= Exercise =
Only an exact repetition of the lines from the one holding "Michael Smith /" to the end of the data is wanted, with pictures left out.
# # # # # # #
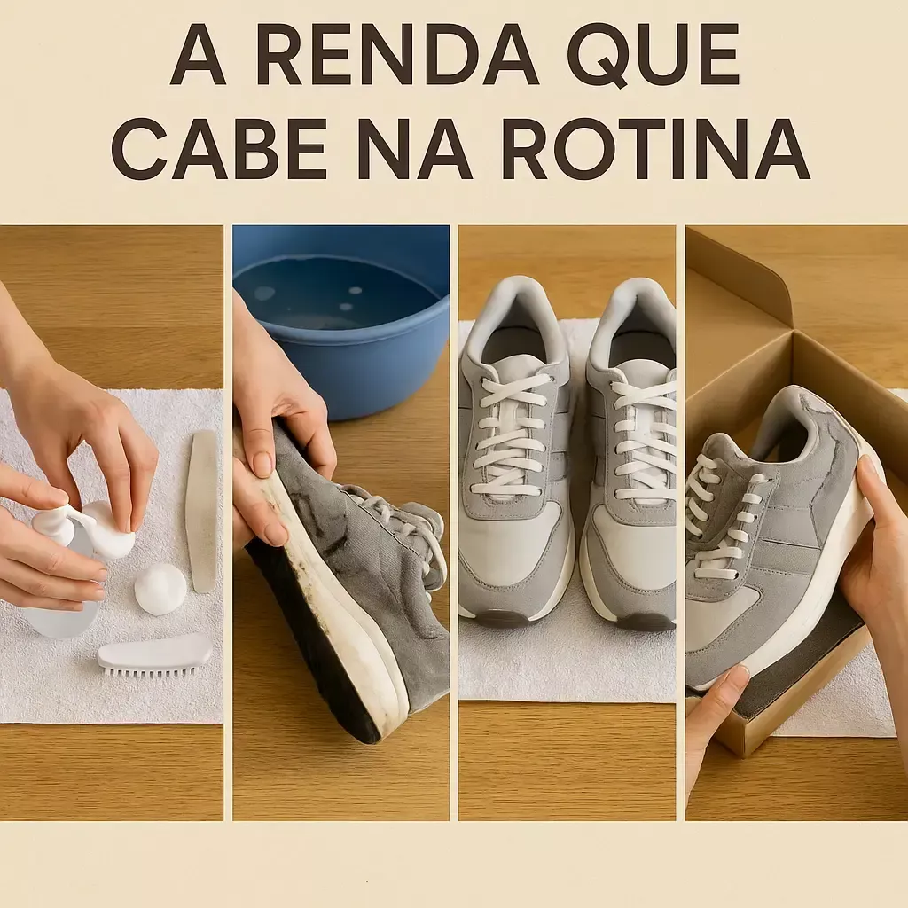 Pegue agora um mini tutorial gratuito, você vai descobrir como usar o que já tem em casa para começar sua primeira limpeza e valorização de um tênis usado. É simples, rápido e já te coloca em movimento.
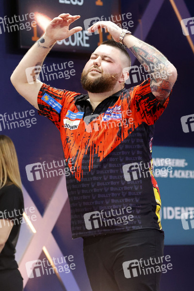 Michael Smith / Bully Boy bei der Promi-Darts-WM 2023 im Maritim Hotel. Düsseldorf, 07.01.2023
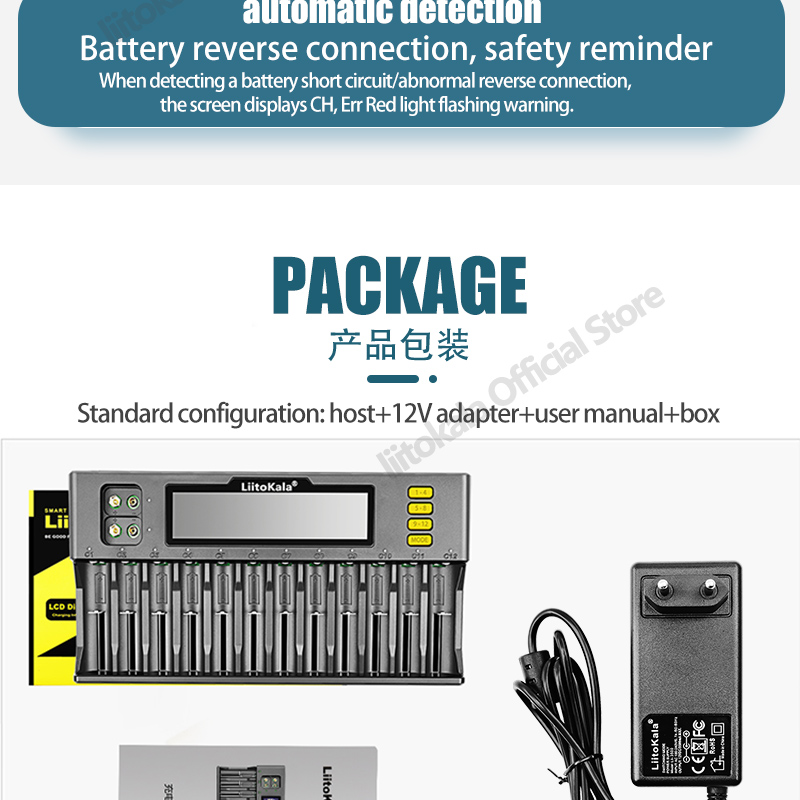 7. Он имеет несколько функций защиты безопасности, таких как перезарядка, переразряд, короткое замыкание, обратное соединение и т. Д., И может интеллектуально и автоматически определять неисправные батареи;
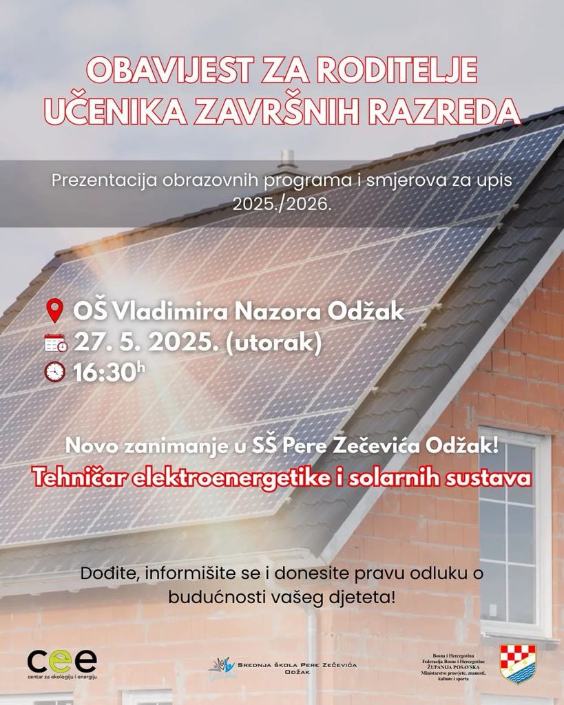 Posebno ističemo novi obrazovni program „Tehničar elektroenergetike i solarnih sustava“, koji se po prvi put uvodi u Bosni i Hercegovini i to upravo u Odžaku. Riječ je o inovativnom smjeru fokusiranom na obnovljive izvore energije i zelenu tranziciju, osmišljenom prema modularnom nastavnom planu s naglaskom na praktične vještine i pripremu učenika za moderno tržište rada.
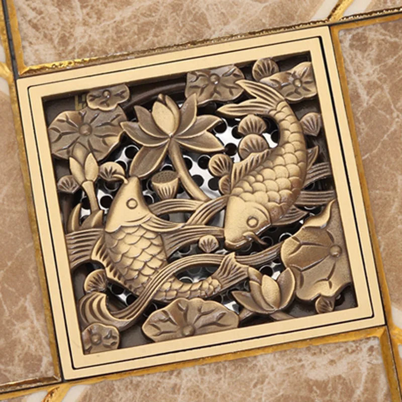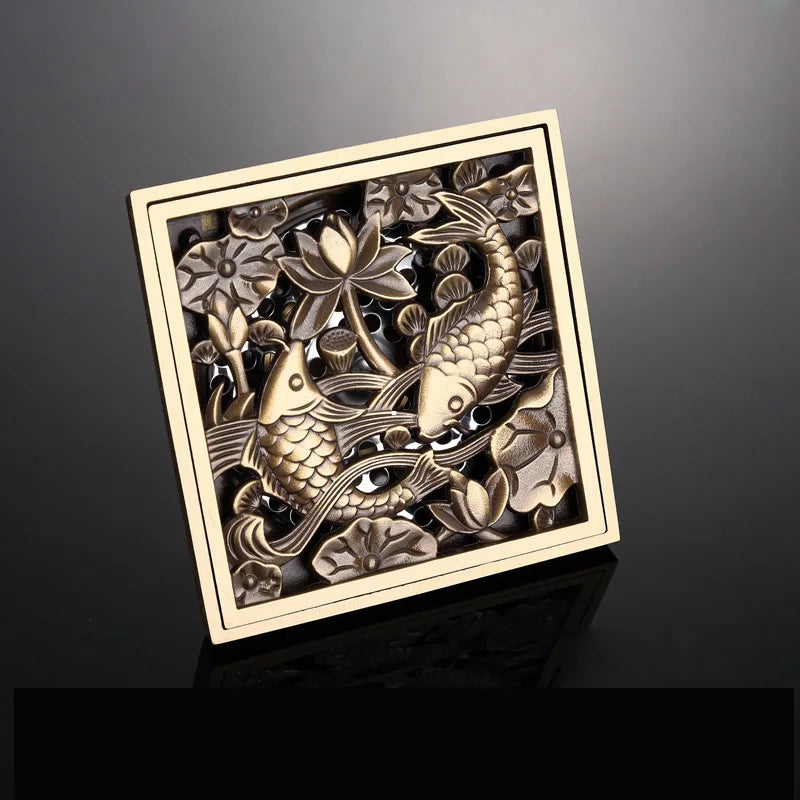 حسّن حمامك مع هذه المصفاة الرائعة التي تُجسّد الفخامة والرقي. حسّن مساحتك بسحرها الخالد مع مصفاة الشعر النحاسية العتيقة المربعة المنحوتة على شكل سمكة، وارتقي بتجربة حمامك إلى مستوى جديد كليًا.
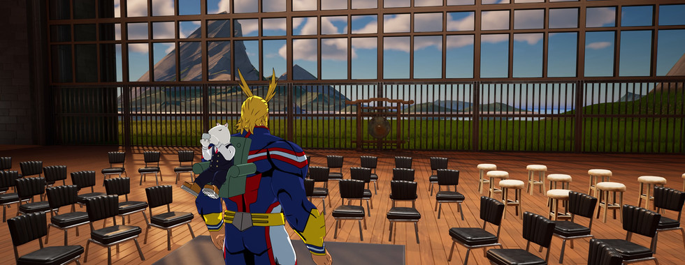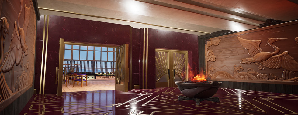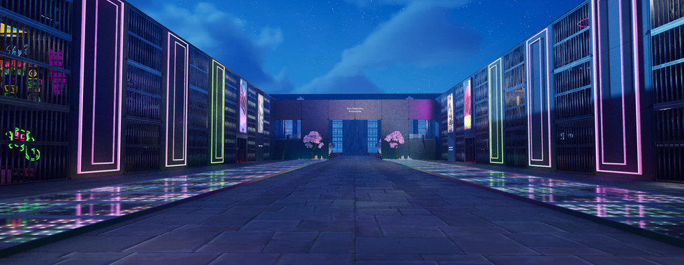 For the exterior design, I focused on a unified modern look for the front end of the complex. Since Fortnite doesn't have glass as a material, I used steel gates in all the places that would be glass in reality. While looking through the galleries & prefabs, I also discovered this incredibly gorgeous Japanese pack and decided have the largest concert space and garden carry this theme.
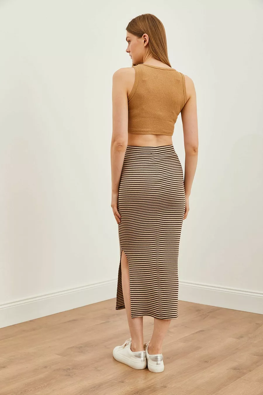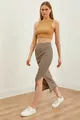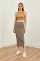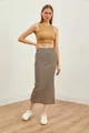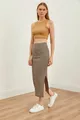 Women's Stone Brown Slit Striped Lycra Midi Skirt
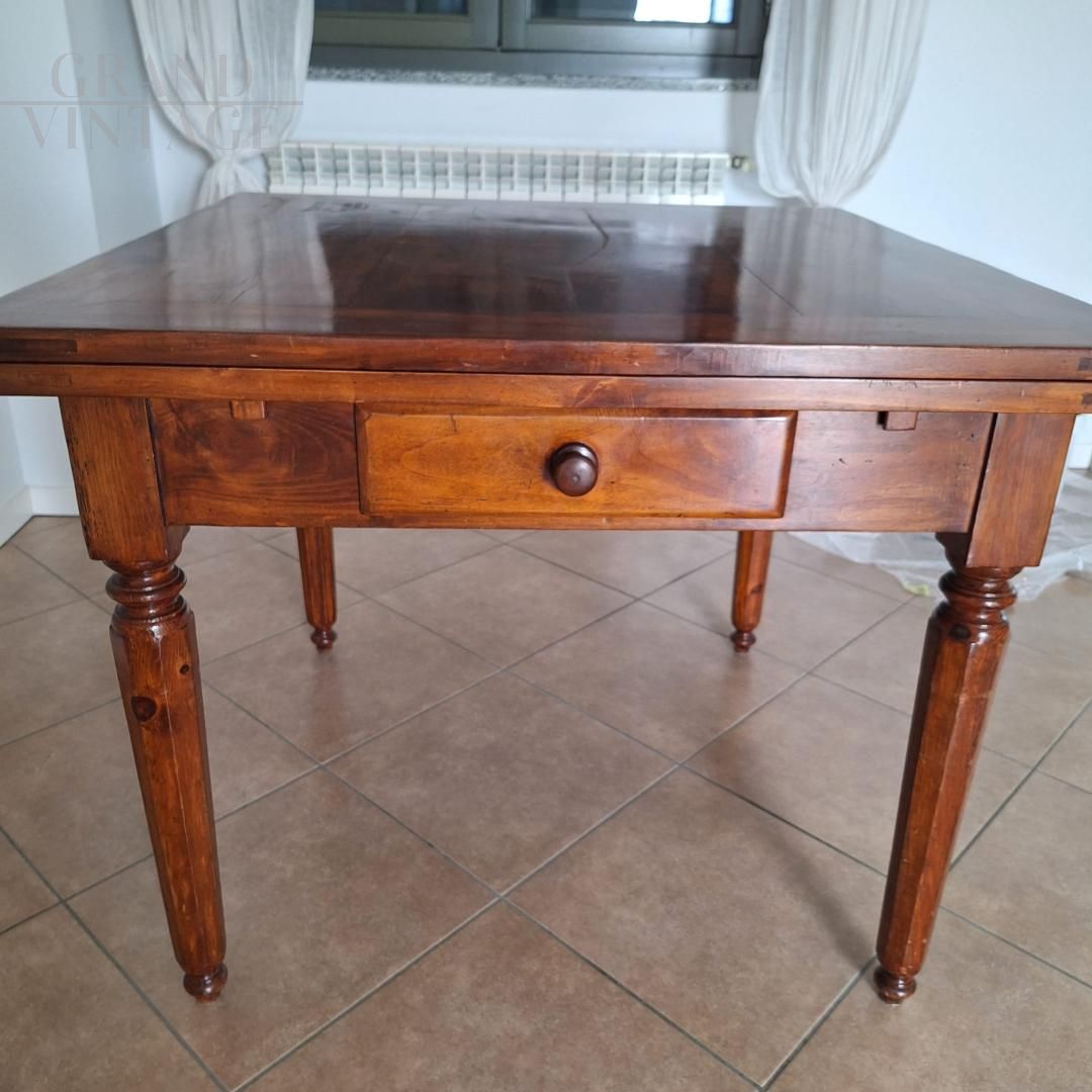 Antique Louis Philippe dining table with pull-out extension, featuring a paper-lined drawer, beautiful turned legs, and a top extendable from 100 to 200 cm. The depth is 100 cm.
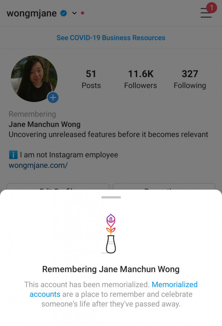 Instagram-ның баспасөз хатшысы Лиза Креншау BuzzfeedNews басылымына берген сұхбатында компания ұзақ уақыттан бері қайтыс болған қолданушылардың профилін есімімен сақтау белгісімен белгілейтін функцияны сынақтан өткізіп жатқанын айтты.
# # # # # # #
= Worked solution =
 Michael Smith / Bully Boy bei der Promi-Darts-WM 2023 im Maritim Hotel. Düsseldorf, 07.01.2023
 7. Он имеет несколько функций защиты безопасности, таких как перезарядка, переразряд, короткое замыкание, обратное соединение и т. Д., И может интеллектуально и автоматически определять неисправные батареи;
 Posebno ističemo novi obrazovni program „Tehničar elektroenergetike i solarnih sustava“, koji se po prvi put uvodi u Bosni i Hercegovini i to upravo u Odžaku. Riječ je o inovativnom smjeru fokusiranom na obnovljive izvore energije i zelenu tranziciju, osmišljenom prema modularnom nastavnom planu s naglaskom na praktične vještine i pripremu učenika za moderno tržište rada.
 حسّن حمامك مع هذه المصفاة الرائعة التي تُجسّد الفخامة والرقي. حسّن مساحتك بسحرها الخالد مع مصفاة الشعر النحاسية العتيقة المربعة المنحوتة على شكل سمكة، وارتقي بتجربة حمامك إلى مستوى جديد كليًا.
 For the exterior design, I focused on a unified modern look for the front end of the complex. Since Fortnite doesn't have glass as a material, I used steel gates in all the places that would be glass in reality. While looking through the galleries & prefabs, I also discovered this incredibly gorgeous Japanese pack and decided have the largest concert space and garden carry this theme.
 Women's Stone Brown Slit Striped Lycra Midi Skirt
 Antique Louis Philippe dining table with pull-out extension, featuring a paper-lined drawer, beautiful turned legs, and a top extendable from 100 to 200 cm. The depth is 100 cm.
 Instagram-ның баспасөз хатшысы Лиза Креншау BuzzfeedNews басылымына берген сұхбатында компания ұзақ уақыттан бері қайтыс болған қолданушылардың профилін есімімен сақтау белгісімен белгілейтін функцияны сынақтан өткізіп жатқанын айтты.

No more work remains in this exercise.